And step four, extracting the image characteristics in the image sub-information by using a preset characteristic extraction model.
In the embodiment of the invention, the feature extraction model is a ResNet-50 model. The ResNet-50 model comprises two modules, namely a convolution module (Conv Block) and a feature module (identity Block).
Specifically, the extracting, by using a preset feature extraction model, image features in a plurality of image sub-information includes:
inputting the image sub-information into a convolution module in the feature extraction model to obtain convolution data;
and carrying out feature processing on the convolution data by using a feature module in the feature extraction model to obtain image features.
In detail, the convolution module may perform a multiple convolution process and a pooling process on the image sub-information. The multiple convolution processing means that convolution operation is performed on the image sub-information at least once by using a convolution kernel, so that data after the multiple convolution processing is richer, and pooling processing is further performed, wherein the pooling processing is used for converting the data after the multiple convolution processing into data with the same dimensionality. The characteristic module is a residual error network, and the accuracy of characteristic extraction can be improved.

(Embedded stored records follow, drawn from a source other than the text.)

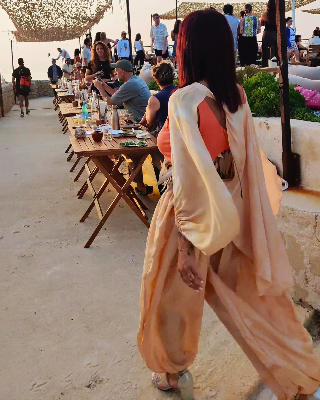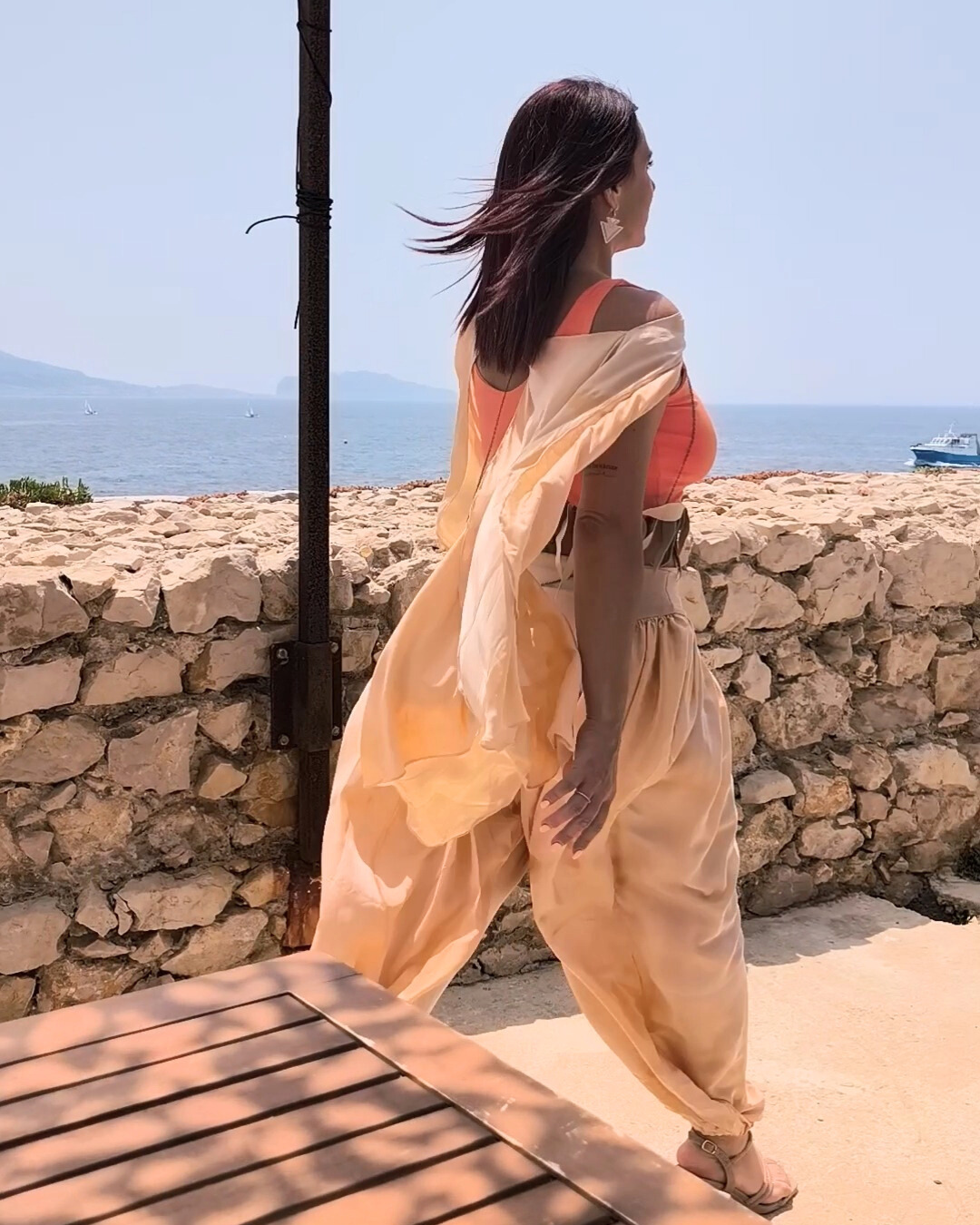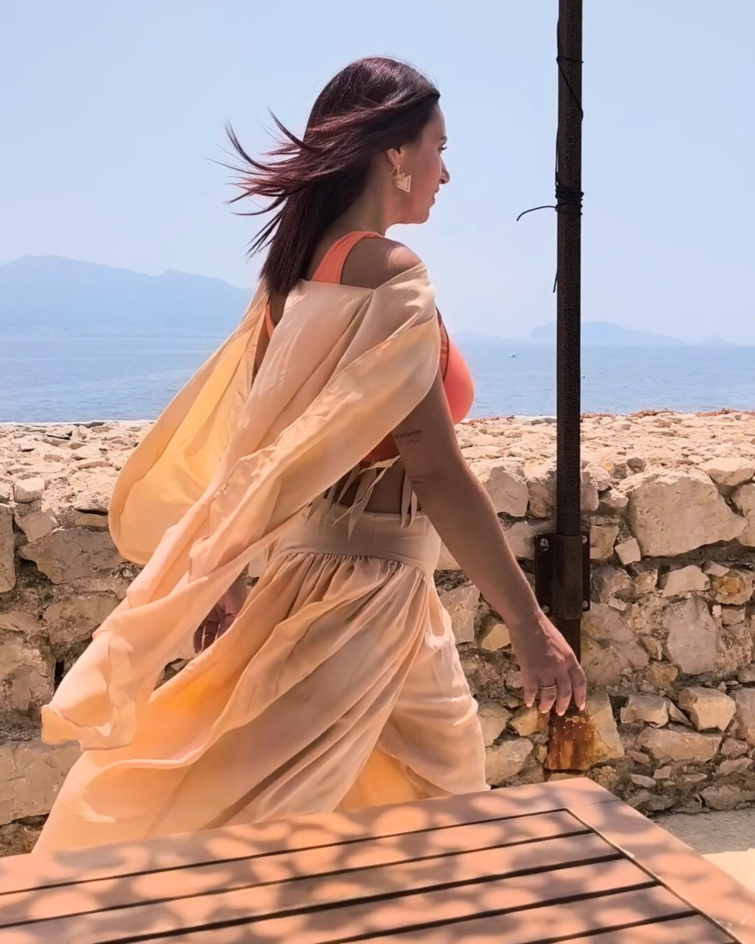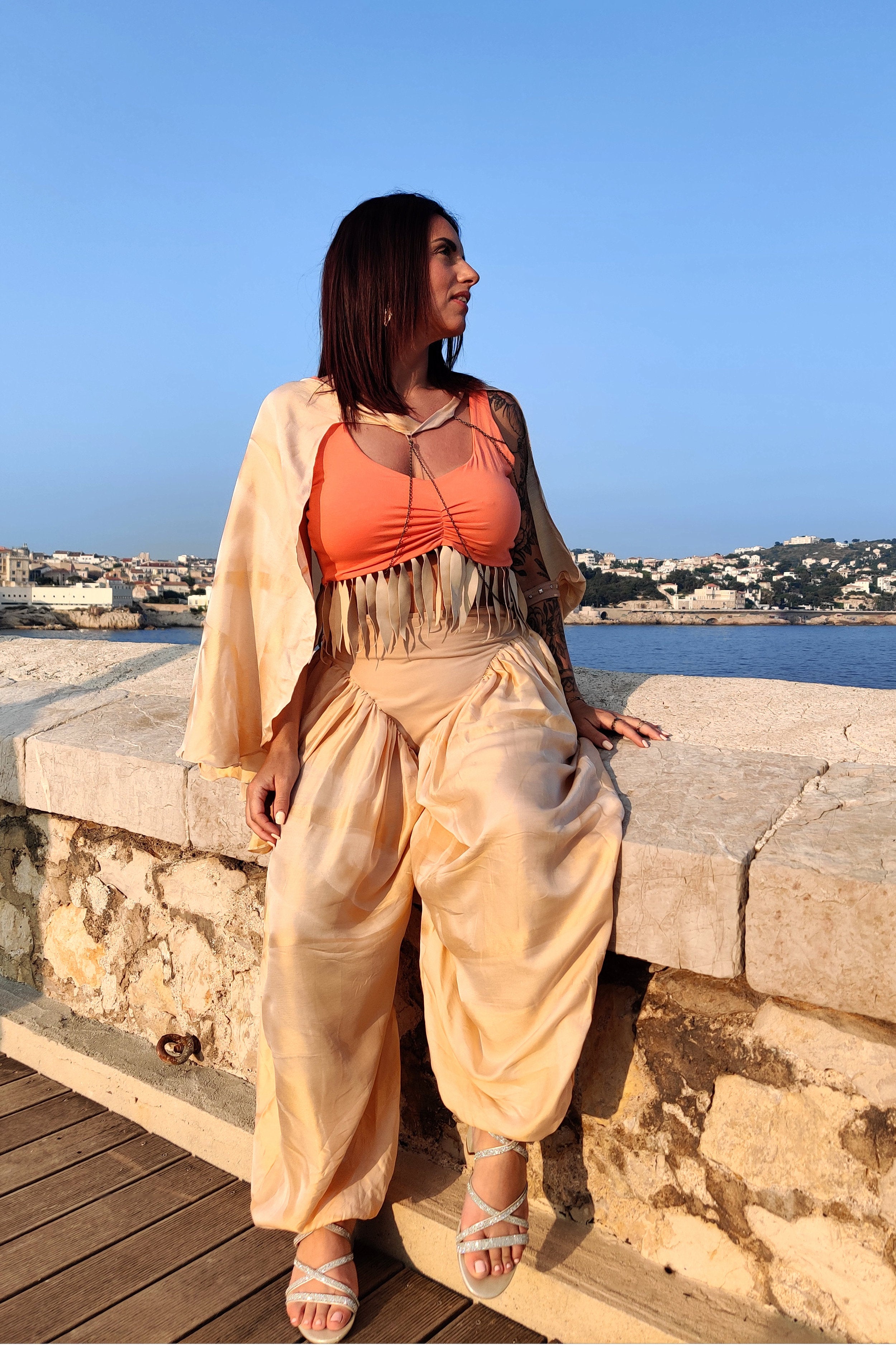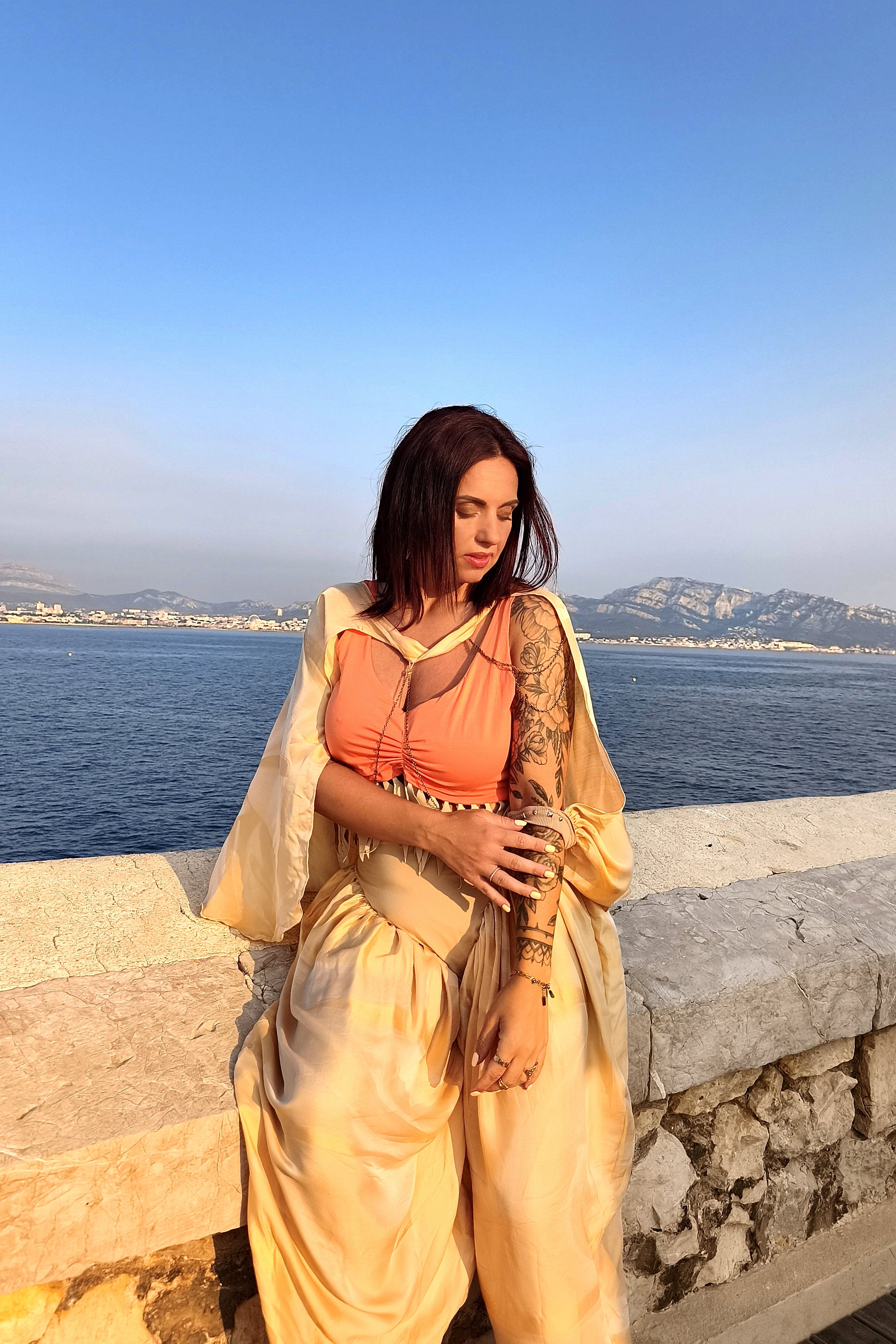 Pensée pour la scène, les cérémonies ou simplement pour se sentir souveraine, cette cape raconte une féminité libre, solaire et précieuse.
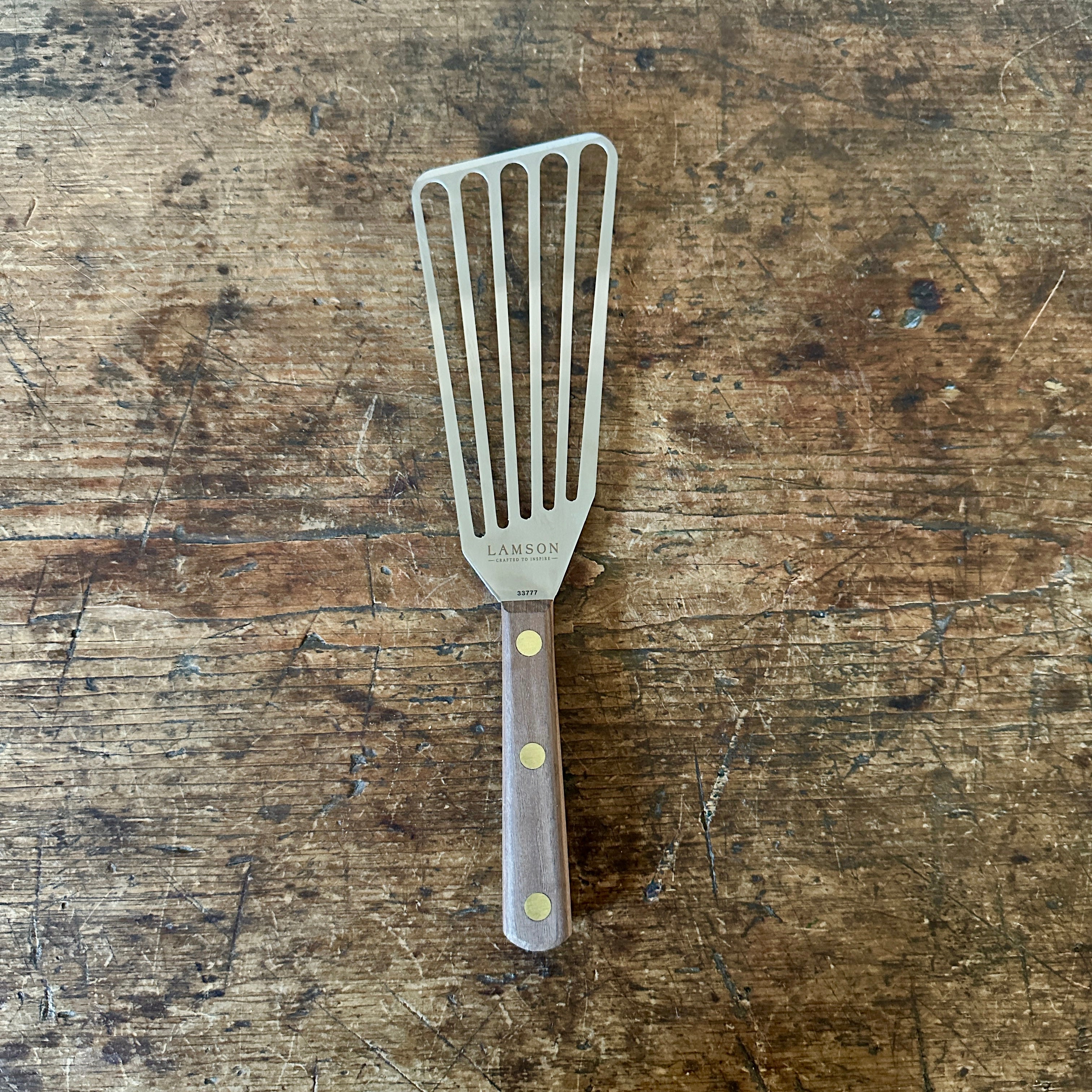 Cooking is a breeze with this razor thin yet surprising strong spatula, with slots that drain cleanly and edges that slide under food like silk.  You can delicately turn paper-thin crepes and confidently lift a hefty burger.
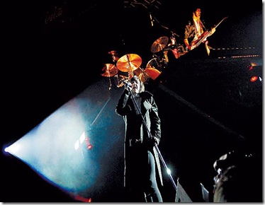 El concierto comenzó con Estoy rabioso, de Mucho, para devenir en catarata rocker con Sin mi diablo y Pendejo. El impacto como primera impresión con el impulso de una puesta agresiva. La escenografía suele relegarse al mero lugar ornamental, pero en este caso las escaleras en forma de "A" derivadas de los diseños de Sergio Lacroix, operaron de volcán con útero disco para revelarse casi como un babasónico más. Batería y bajo -a cargo de Carca luego de la muerte de Gabo Manelli- fueron emplazados en el corazón del volcán; los teclados, en el cráter superior; ambas guitarras y el cantante moviéndose por la base. Una montaña que logró dinamismo gracias a un preciso trabajo de luces.

In another embodiment of the present invention, the extracting image features in a plurality of image sub-information by using a preset feature extraction model includes:
inputting original image information in the original document information into the feature extraction model to obtain global image features;
acquiring central coordinates in the image sub-information, and zooming the central coordinates according to a preset zooming proportion to obtain final coordinates;
and performing feature interception on the global image features by using the final coordinates to obtain image features in the image sub-information.
Wherein the feature extraction model is also a ResNet-50 model.
And fifthly, carrying out position coding on the position sub-information to obtain a multi-dimensional position vector.
In this embodiment of the present invention, the performing position coding on a plurality of position sub-information to obtain a multidimensional position vector includes:
acquiring related data of the position sub-information, and mapping the related data to a preset dimension;
and coding the related data of the preset dimensionality through an embedding layer to obtain a multidimensional position vector.
In detail, the related data of the position sub-information may be xmin, ymin, xmax, ymax, height, width of the bounding box of each block. And mapping the relevant data to a preset dimension, and then encoding the relevant data of the preset dimension through an embedding layer, wherein the embedding layer belongs to an embedding layer in a neural network and consists of a plurality of neurons.
And step six, carrying out weighted addition on the text characteristic vector, the image characteristic and the multi-dimensional position vector to obtain a final input vector, and inputting the final input vector into a transformer encoder model for fusion coding to obtain a final output characteristic.
In this embodiment of the present invention, the performing weighted addition on the text feature vector, the image feature, and the multidimensional position vector includes:
and carrying out weighted addition on the text characteristic vector, the image characteristic and the multi-dimensional position vector according to a preset weighted addition formula to obtain a final input vector.
Specifically, the preset weighted addition formula is as follows:
F=α*w1+β*w2+γ*w3
where F is the final input vector, w1For the text feature vector, w2For the image feature, w3For the multi-dimensional position vector, α, β, and γ are respectively preset different weights.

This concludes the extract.